Your 2016 DMC Online Finals routine featured a ton of interesting gear including 2 foot pedals and a Fretless Fader. How did you come up with this set-up? Are you constantly experimenting with new gear?
I used a wah-wah pedal to have more expression on my Fretless Fader and because I scratch a guitar tone and wanted it to sound more like a real guitar. Delay pedal was to give a more life and atmosphere. I had an On/Off switch for my Controller 1 turntable. The On/Off button on the C1 was too far. The setup was made based on needs. The Wah-Wah sounded too dry so I used delay pedal.
I came up with the setup by using the dope equipment I have in the lab. I also thought of using what other people hadn’t used in other routines.
When I need to change notes, be very precise, I use my Vestax Controller one. I built the Fretless clone with the help of a friend online because I thought one of my competitors would use one and wanted an edge.
Yeah, I always like to try new setups. Recently I used an MPC, synthesizer and turntable setup to perform at the Goldie Awards.
Since you’ve been so successful as a DJ, do you find people tend to overlook you as producer?
Yeah, I feel like most people think of me as only a battle DJ. Goldie Awards helped me change that.
You were the runner up in the Goldie Awards beat battle this year. Can you tell us a little bit about the experience? What made you decide to enter the beat battle vs. the DJ competition?
The experience was awesome, the crowd was huge and ope- minded. The competitors were all super cool people. Hanging out with and being judged by people like Diplo, Mannie Fresh, DJ Craze, Mija, The Whooligan and A-Trak was awesome. I entered the beat battle because I’ve been producing since 1999 and I wanted people to know.
Can you tell us a little bit about your production process? How do you go about finding samples? Are you still digging in the crates or do you find sounds digitally?
Inspiration is the key. I have to start right when it hits me. The process has evolved over the years. When I produce sometimes I start with making a drum beat or sometimes I hear a melody in my head and record that first.
It used to start with my MPC and samples. On my first album I used a bunch samples. I’d listen to records and the samples jumped out and was obvious what to sample. Then I’d chop em up on the MPC or ASR-10. I always try to flip samples so I’m not just looping. I usually would go digging but then I moved on to playing instruments and recording my own sounds. On my second and third album I recorded live instruments and I used vocal scratches from rap and spoken word records. I still dig for records, for inspiration. Since finishing my trilogy – Nostomania, Synesthasia and my new album Apatheia.

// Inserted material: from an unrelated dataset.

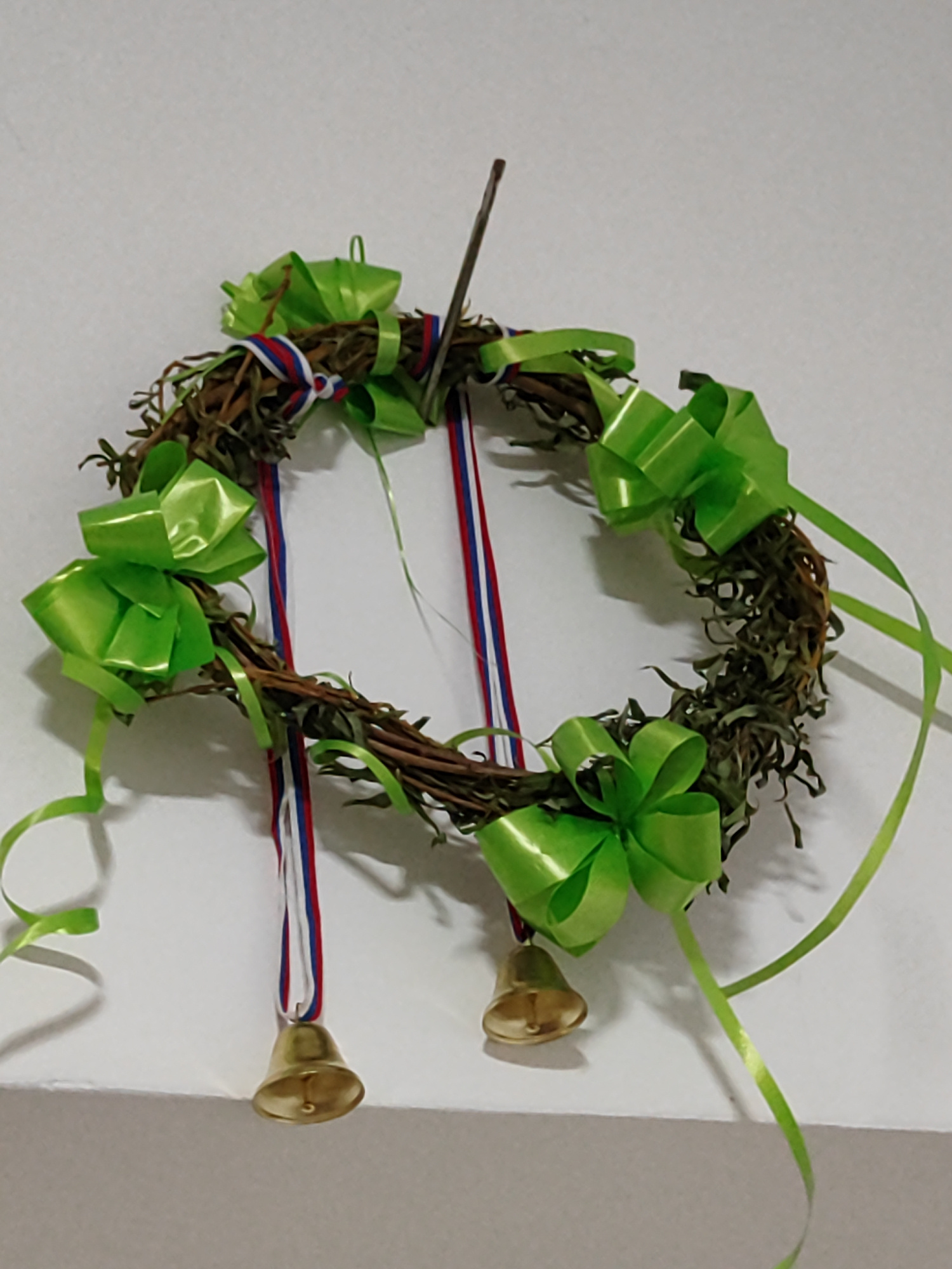 A festive wreath hangs on a plain, light-colored wall. The wreath is crafted from intertwined brown twigs and what appear to be dried, dark green leaves. It is generously decorated with multiple brigh…read more
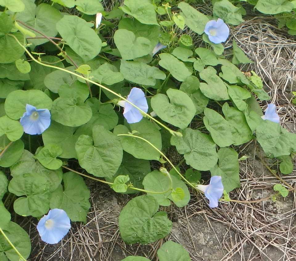 【半田山植物園の『ソライロアサガオ』。葉っぱは「丸葉」】

Lately I’ve been playing with Roland’s new boutique synths. You can record with them direct to your computer via USB without a sound card. So the last few beats I’ve been using Push 2, Laptop and Synths
On the technical side – once I have a groove, I start to compose. After that I add some cuts, more melodies and vocals. Lately I’m trying to go with the “less is more” vibe. Once I have a rough sequence of the song, I build around it adding nuances and effects. I sequence an intro after I have the main body. I’m always semi-mixing my sounds along the way – eqing, adding compression and panning the sounds to make things fit. After the song is done I go in for a final mix and then send it off to mastering.
What’s the most outrageous juxtaposition of sound/samples you’ve put together?
Anne Murray band for drums, Frank Zappa for Vocals cuts with Sonny Bono & Cher on bass.
I wanted to create a space for the listener to be in the driver seat because I feel that a lot of people focus on the artist and their image.
What was your goal in creating Apatheia?
It’s the final installment of a trilogy. It had to have continuity with its previous two albums.
This one was about clearing your mind and finding out what is true to you in the music with no preconceived notions. I wanted to create a space for the listener to be in the driver seat because I feel that a lot of people focus on the artist and their image.
Apatheia is finding that space where you have no outside influence and can see what you truly feel about the music.
The project packs a lot of emotion and variety in mood and feel. How do you go about creating these feelings when making music that’s predominantly beat-based?
I just start playing and the songs unfold.
I’m passionate about music, can’t live without it. It doesn’t take much to get me excited about it, just looking at my gear, or hearing a dope beat and I’m hyped. That will never stop.
You’ve been doing this for nearly 20 years. What keeps you excited and moving forward?
I’m passionate about music, can’t live without it. It doesn’t take much to get me excited about it, just looking at my gear, or hearing a dope beat and I’m hyped. That will never stop. I’ve always been about trying to push the boundaries and looking to find what’s next with turntable techniques, sampling and music production. Also people like Vekked, my partner in my turntable band the Fresherthans, keeps me stoked and pushing the boundaries as far as they can go.